It's possible to calculate an unknown RSA modulus?

[D2MAC]

Hello.
Maybe I have some interesting problem.
From the equation:
M = C^E MOD N,
I know M, C and E, but unfortunately I don't know the public RSA modulus N and want to calculate it. However, without of computing the term C^E, because C is in 512bit size and E is 10001 hex.
I also can generate many different pairs M_x and C_x for the same N, I want to calculate, but I have only limited control of what will be generated.
Meaning, I can't for example generate such C_x and C_y, which fulfils the condition C_x = 2*C_y or similar. But, of course, I can generate such C_x and C_y with "not very large" common factor.

M₁ = C₁^E MOD N
M₂ = C₂^E MOD N
M₃ = C₃^E MOD N
.
.
.
M_n = C_n^E MOD N

What I know about the unknown public RSA modulus is, that it is in 512bit size (128 hex letters) and I also know the MSB of it.

What is the best and quickest way to calculate the public modulus?
Any ideas?

[xilman]

Quote:

Originally Posted by D2MAC

Hello.
Maybe I have some interesting problem.
From the equation:
M = C^E MOD N,
I know M, C and E, but unfortunately I don't know the public RSA modulus N and want to calculate it. However, without of computing the term C^E, because C is in 512bit size and E is 10001 hex.
I also can generate many different pairs M_x and C_x for the same N, I want to calculate, but I have only limited control of what will be generated.
Meaning, I can't for example generate such C_x and C_y, which fulfils the condition C_x = 2*C_y or similar.
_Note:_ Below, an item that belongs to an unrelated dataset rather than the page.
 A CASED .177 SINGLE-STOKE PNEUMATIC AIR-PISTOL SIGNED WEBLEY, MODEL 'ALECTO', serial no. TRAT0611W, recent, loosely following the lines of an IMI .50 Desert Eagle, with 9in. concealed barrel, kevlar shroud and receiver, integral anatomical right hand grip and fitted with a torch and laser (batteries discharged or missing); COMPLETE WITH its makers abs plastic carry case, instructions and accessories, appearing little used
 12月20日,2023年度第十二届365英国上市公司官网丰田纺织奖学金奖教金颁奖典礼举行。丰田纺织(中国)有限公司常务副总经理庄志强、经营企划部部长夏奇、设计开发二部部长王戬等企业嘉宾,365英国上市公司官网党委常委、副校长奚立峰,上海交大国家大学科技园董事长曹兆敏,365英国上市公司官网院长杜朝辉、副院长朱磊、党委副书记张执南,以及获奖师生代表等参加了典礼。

But, of course, I can generate such C_x and C_y with "not very large" common factor.

M₁ = C₁^E MOD N
M₂ = C₂^E MOD N
M₃ = C₃^E MOD N
.
.
.
M_n = C_n^E MOD N

What I know about the unknown public RSA modulus is, that it is in 512bit size (128 hex letters) and I also know the MSB of it.

What is the best and quickest way to calculate the public modulus?
Any ideas?

Black-box attack on a RSA-cryptosystem, eh?
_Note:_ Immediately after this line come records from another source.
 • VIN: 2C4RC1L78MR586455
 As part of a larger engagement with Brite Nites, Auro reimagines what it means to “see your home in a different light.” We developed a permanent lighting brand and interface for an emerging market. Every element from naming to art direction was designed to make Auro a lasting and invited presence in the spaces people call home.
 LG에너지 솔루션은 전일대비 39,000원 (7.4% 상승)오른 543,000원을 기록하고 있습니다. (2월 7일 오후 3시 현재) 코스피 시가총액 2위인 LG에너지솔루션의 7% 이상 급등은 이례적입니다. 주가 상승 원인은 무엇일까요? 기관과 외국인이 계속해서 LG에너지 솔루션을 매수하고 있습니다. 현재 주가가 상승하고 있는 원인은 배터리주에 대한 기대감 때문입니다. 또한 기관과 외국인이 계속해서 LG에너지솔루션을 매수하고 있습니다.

Let's do a deal. You tell us which particular implementation you are attacking and, in return, we'll give you guidance on how to approach your problem.

Paul

[D2MAC]

Quote:

Originally Posted by xilman

Black-box attack on a RSA-cryptosystem, eh?
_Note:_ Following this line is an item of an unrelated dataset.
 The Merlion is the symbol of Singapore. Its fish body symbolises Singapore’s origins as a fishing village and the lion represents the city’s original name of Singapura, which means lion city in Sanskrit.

Let's do a deal. You tell us which particular implementation you are attacking and, in return, we'll give you guidance on how to approach your problem.

Paul

More or less, yes.
I was trying to read out this key from one of the blocked directories of old unsafe version of cryptoworks smartcards, which has been withdrawn from the market few years ago. It is no longer active and even if I get and publish this key, nothing will happen, because this key is unique for each card and the card isn't active, as I have said before. Today's cryptoworks cards have completely different system of data protection and reading out of any keys is no longer possible.
The worth of this key for me is in the possibility of testing some new instructions for the old card and learn something more about this system of data protection, which will not be possible without the unique key. However, I was not successful with the out-reading procedure, so I am trying to calculate it from the known data and that's it, what is this thread all about.

[R. Gerbicz]

Quote:

Originally Posted by D2MAC

Hello.
Maybe I have some interesting problem.
From the equation:
M = C^E MOD N,
I know M, C and E, but unfortunately I don't know the public RSA modulus N and want to calculate it. However, without of computing the term C^E, because C is in 512bit size and E is 10001 hex.
I also can generate many different pairs M_x and C_x for the same N, I want to calculate, but I have only limited control of what will be generated.
Meaning, I can't for example generate such C_x and C_y, which fulfils the condition C_x = 2*C_y or similar. But, of course, I can generate such C_x and C_y with "not very large" common factor.

M₁ = C₁^E MOD N
M₂ = C₂^E MOD N
M₃ = C₃^E MOD N
.
.
.
M_n = C_n^E MOD N

What I know about the unknown public RSA modulus is, that it is in 512bit size (128 hex letters) and I also know the MSB of it.

What is the best and quickest way to calculate the public modulus?
Any ideas?

N divides M-C^E. So let G=gcd(M_1-C_1^E_1,...) then N divides G.

[xilman]

Quote:

Originally Posted by R. Gerbicz

N divides M-C^E. So let G=gcd(M_1-C_1^E_1,...) then N divides G.

Unfortunately, he doesn't want to calculate C^E to full precision.

We should examine that requirement to see whether it is reasonable.

Quote:

However, without of computing the term C^E, because C is in 512bit size and E is 10001 hex.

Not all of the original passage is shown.